▶ **Records shown**

◇ ◇ ◇ ◇

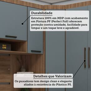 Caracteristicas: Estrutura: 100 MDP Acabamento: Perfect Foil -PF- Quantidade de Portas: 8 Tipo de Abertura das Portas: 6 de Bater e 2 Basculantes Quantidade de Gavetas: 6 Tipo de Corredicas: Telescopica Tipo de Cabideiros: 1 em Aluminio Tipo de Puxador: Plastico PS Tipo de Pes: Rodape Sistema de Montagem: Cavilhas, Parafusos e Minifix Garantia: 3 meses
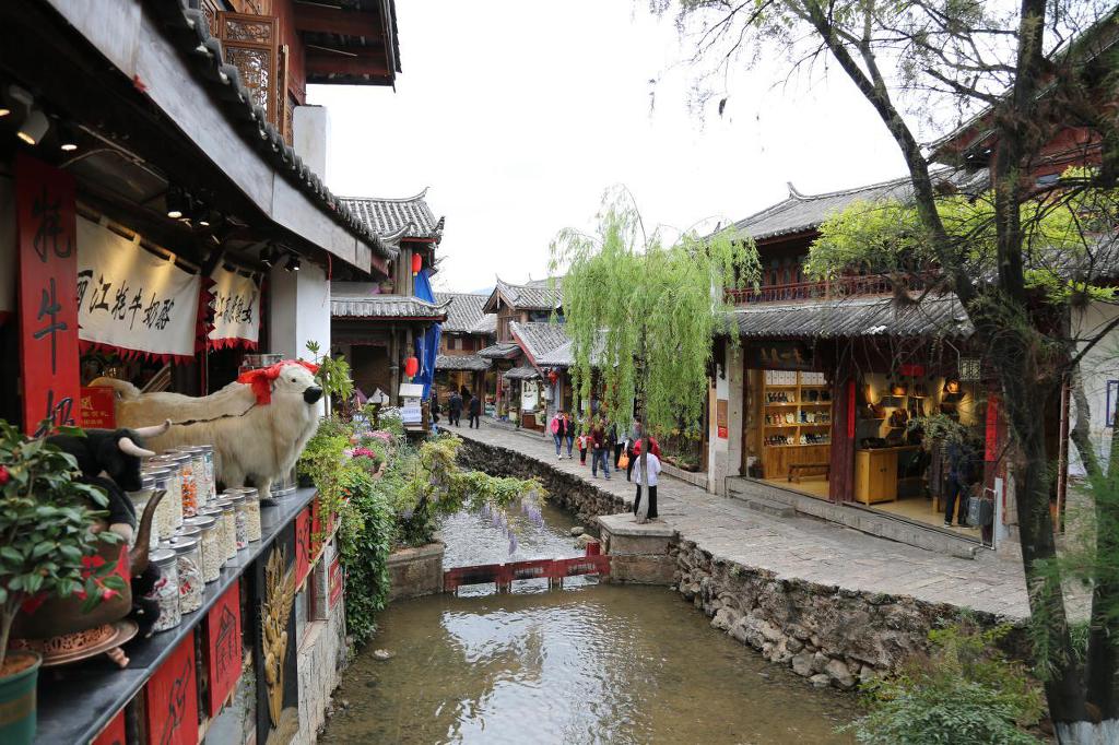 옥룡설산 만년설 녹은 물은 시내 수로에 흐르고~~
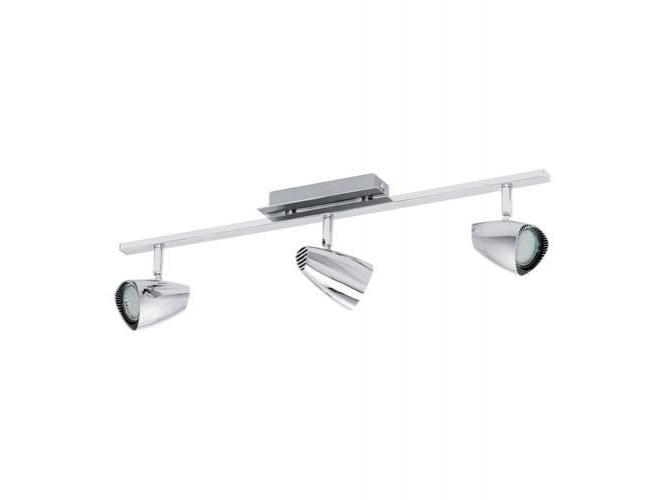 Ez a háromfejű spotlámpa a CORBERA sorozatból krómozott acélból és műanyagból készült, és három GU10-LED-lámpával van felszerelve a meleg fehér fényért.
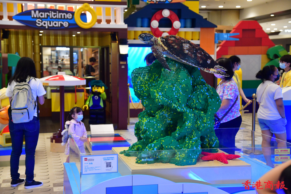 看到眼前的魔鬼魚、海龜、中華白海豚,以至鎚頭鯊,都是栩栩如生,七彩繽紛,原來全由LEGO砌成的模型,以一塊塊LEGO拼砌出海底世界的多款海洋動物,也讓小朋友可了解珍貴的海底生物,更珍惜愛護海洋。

◇ ◇ ◇ ◇

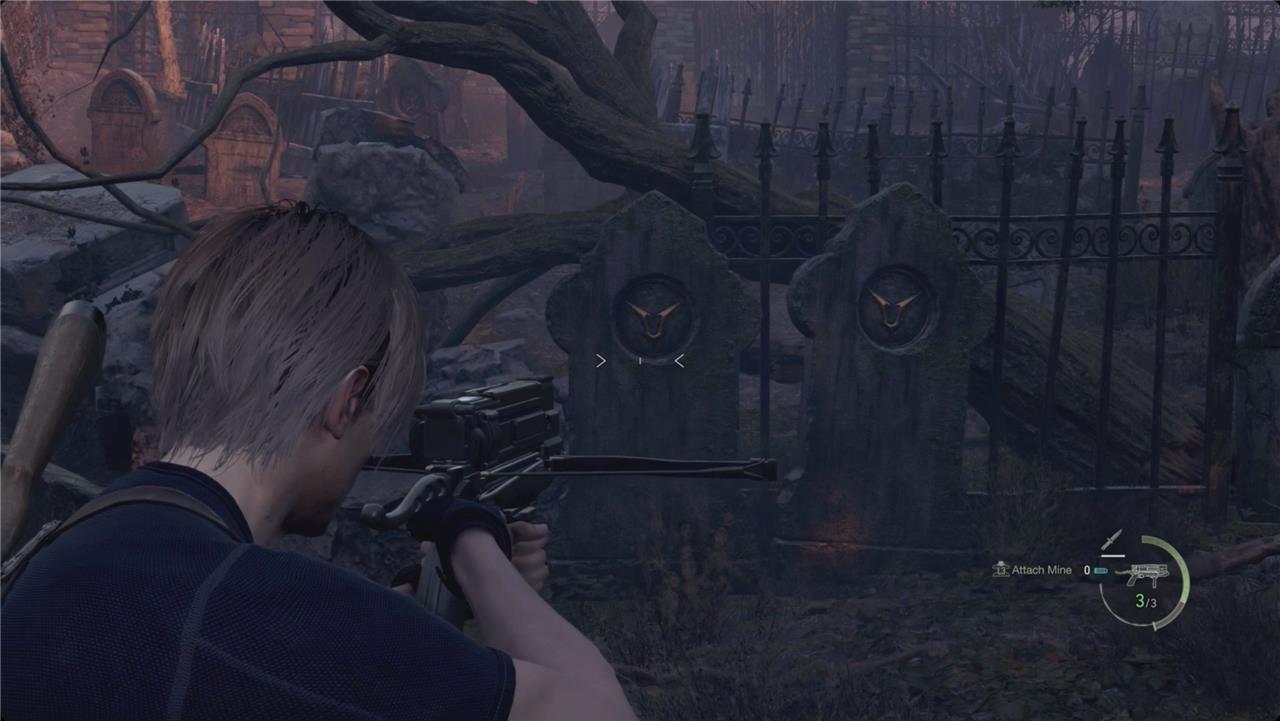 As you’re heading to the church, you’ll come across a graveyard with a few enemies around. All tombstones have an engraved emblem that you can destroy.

◇ ◇ ◇ ◇

▶ **Try it**
Word for word, restate the lines above from the one with "Ez a háromfejű" through the one with "看到眼前的魔鬼魚、海龜、中華", keeping both ends and dropping the pictures.

▶ **Solution**
 Ez a háromfejű spotlámpa a CORBERA sorozatból krómozott acélból és műanyagból készült, és három GU10-LED-lámpával van felszerelve a meleg fehér fényért.
 看到眼前的魔鬼魚、海龜、中華白海豚,以至鎚頭鯊,都是栩栩如生,七彩繽紛,原來全由LEGO砌成的模型,以一塊塊LEGO拼砌出海底世界的多款海洋動物,也讓小朋友可了解珍貴的海底生物,更珍惜愛護海洋。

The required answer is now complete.